═══ PROVIDED DATA ═══

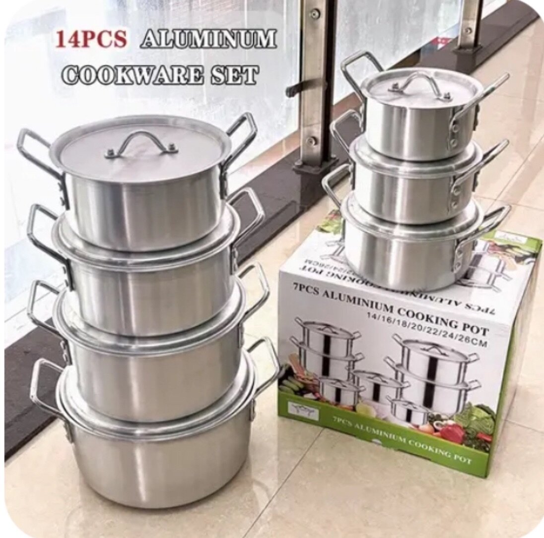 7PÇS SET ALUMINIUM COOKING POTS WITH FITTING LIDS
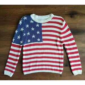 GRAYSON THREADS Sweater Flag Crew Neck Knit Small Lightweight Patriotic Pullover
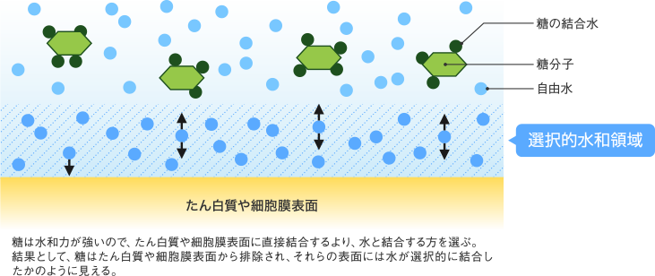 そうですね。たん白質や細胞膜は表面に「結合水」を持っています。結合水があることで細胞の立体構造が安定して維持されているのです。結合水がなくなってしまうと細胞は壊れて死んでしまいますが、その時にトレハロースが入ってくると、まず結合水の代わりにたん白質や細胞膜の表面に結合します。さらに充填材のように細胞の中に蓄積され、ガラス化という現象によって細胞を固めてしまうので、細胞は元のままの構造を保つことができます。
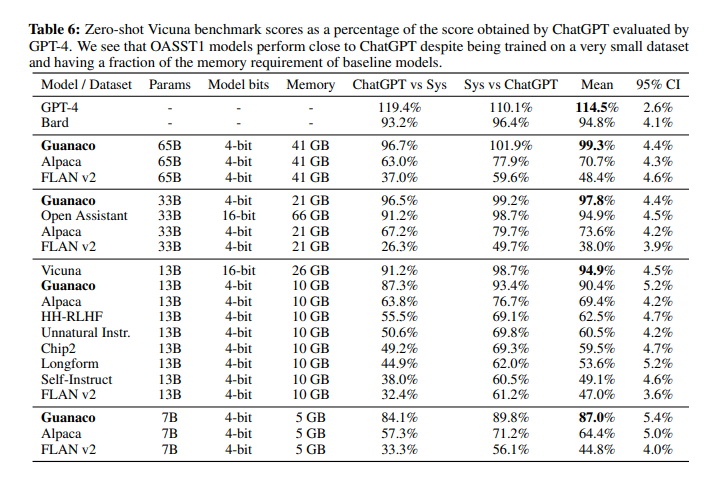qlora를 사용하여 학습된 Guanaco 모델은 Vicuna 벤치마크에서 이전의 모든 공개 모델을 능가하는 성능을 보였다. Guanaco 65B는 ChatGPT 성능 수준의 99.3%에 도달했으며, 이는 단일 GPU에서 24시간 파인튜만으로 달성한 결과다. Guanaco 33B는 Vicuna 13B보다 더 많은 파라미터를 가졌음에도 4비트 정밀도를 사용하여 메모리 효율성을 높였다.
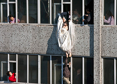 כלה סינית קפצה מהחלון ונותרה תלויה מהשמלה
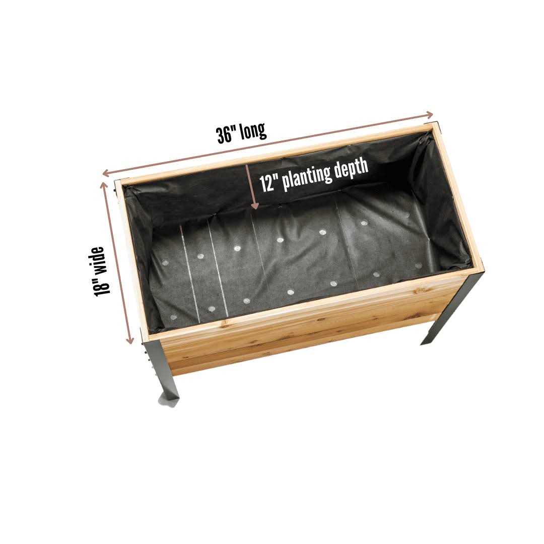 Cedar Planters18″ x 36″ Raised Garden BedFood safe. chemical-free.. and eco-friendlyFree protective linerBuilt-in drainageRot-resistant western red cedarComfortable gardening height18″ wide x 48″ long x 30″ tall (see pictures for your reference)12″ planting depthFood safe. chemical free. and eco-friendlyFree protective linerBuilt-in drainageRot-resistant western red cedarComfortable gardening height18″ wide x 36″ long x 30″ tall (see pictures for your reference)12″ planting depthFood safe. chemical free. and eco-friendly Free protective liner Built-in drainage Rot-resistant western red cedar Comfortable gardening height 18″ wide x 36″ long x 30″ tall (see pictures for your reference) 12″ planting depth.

═══

_WHAT THE TASK ASKS:_
Once the pictures are set aside, repeat each entry exactly as it stands.

_WRITTEN ANSWER:_
 7PÇS SET ALUMINIUM COOKING POTS WITH FITTING LIDS
 GRAYSON THREADS Sweater Flag Crew Neck Knit Small Lightweight Patriotic Pullover
 そうですね。たん白質や細胞膜は表面に「結合水」を持っています。結合水があることで細胞の立体構造が安定して維持されているのです。結合水がなくなってしまうと細胞は壊れて死んでしまいますが、その時にトレハロースが入ってくると、まず結合水の代わりにたん白質や細胞膜の表面に結合します。さらに充填材のように細胞の中に蓄積され、ガラス化という現象によって細胞を固めてしまうので、細胞は元のままの構造を保つことができます。
qlora를 사용하여 학습된 Guanaco 모델은 Vicuna 벤치마크에서 이전의 모든 공개 모델을 능가하는 성능을 보였다. Guanaco 65B는 ChatGPT 성능 수준의 99.3%에 도달했으며, 이는 단일 GPU에서 24시간 파인튜만으로 달성한 결과다. Guanaco 33B는 Vicuna 13B보다 더 많은 파라미터를 가졌음에도 4비트 정밀도를 사용하여 메모리 효율성을 높였다.
 כלה סינית קפצה מהחלון ונותרה תלויה מהשמלה
 Cedar Planters18″ x 36″ Raised Garden BedFood safe. chemical-free.. and eco-friendlyFree protective linerBuilt-in drainageRot-resistant western red cedarComfortable gardening height18″ wide x 48″ long x 30″ tall (see pictures for your reference)12″ planting depthFood safe. chemical free. and eco-friendlyFree protective linerBuilt-in drainageRot-resistant western red cedarComfortable gardening height18″ wide x 36″ long x 30″ tall (see pictures for your reference)12″ planting depthFood safe. chemical free. and eco-friendly Free protective liner Built-in drainage Rot-resistant western red cedar Comfortable gardening height 18″ wide x 36″ long x 30″ tall (see pictures for your reference) 12″ planting depth.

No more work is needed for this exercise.